# Empty thread spools



## vickiesmom (Feb 25, 2005)

Hey there! I have a craft idea, and I could really use some empty thread spools. If you have some please email me.


----------



## AngieM2 (May 10, 2002)

Vicki
what type of thread spools?

plastic ones that resemble the older wooden ones?
the cones 
the long tubes that Meltrosen and Sulky types come on.

Explain what you are looking for, that way others can help you better.

Angie


----------



## Maura (Jun 6, 2004)

What are you going to do with them? Not that I don't trust your intentions, I'm just curios.


----------



## threadneedle (Nov 14, 2006)

How many do you need?!? I have a sackful of everything from 1970-ish plastic spools to current metrosene type. Let us know what you need.


----------



## Ardie/WI (May 10, 2002)

I had to laugh at myself. Many years ago, I read something interesting to do with spools so I started saving them. 

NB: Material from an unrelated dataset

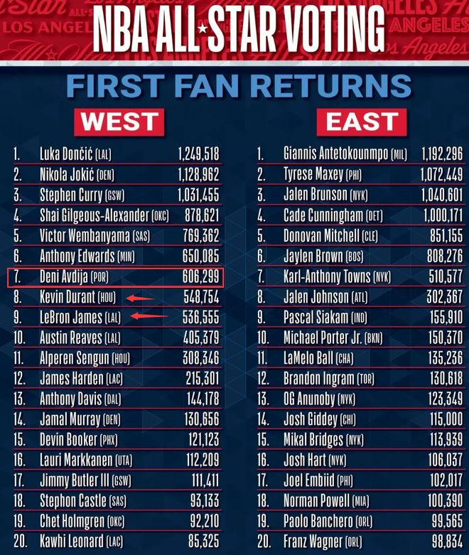 在首次公开全明星投票中,阿夫迪亚606299票,超过了杜兰特548754票、詹姆斯536555票,阿夫迪亚排在第七的位置。

The other day, I found my cache of them. The only problem is that I've forgotten what I wanted to do with them. Oy vey.


----------



## Maura (Jun 6, 2004)

You can make little dolls with them. You can make a baby mobile too.


----------



## homebody (Jan 24, 2005)

I am looking for several dozen of the empty long tubes, like metrosene or gutterman type. Need for rewinding from serger spool; for the 2 serger needles. Keeps me from having to buy so many cones of Maxi-lock. Thanks.


----------



## Ann-NWIowa (Sep 28, 2002)

I have strung them on a shoe string and used them as a baby toy. The sack of spools would probably make interesting building blocks for a creative child. I had a crafts book that used spools to make doll furniture. 

The knob on my dehydrator is an old wooden spool glued to the plywood door. 

I have a knicknack shelf my grandmother made from wooden spools. Somehow I don't think it would survive the translation to plastic spools!


----------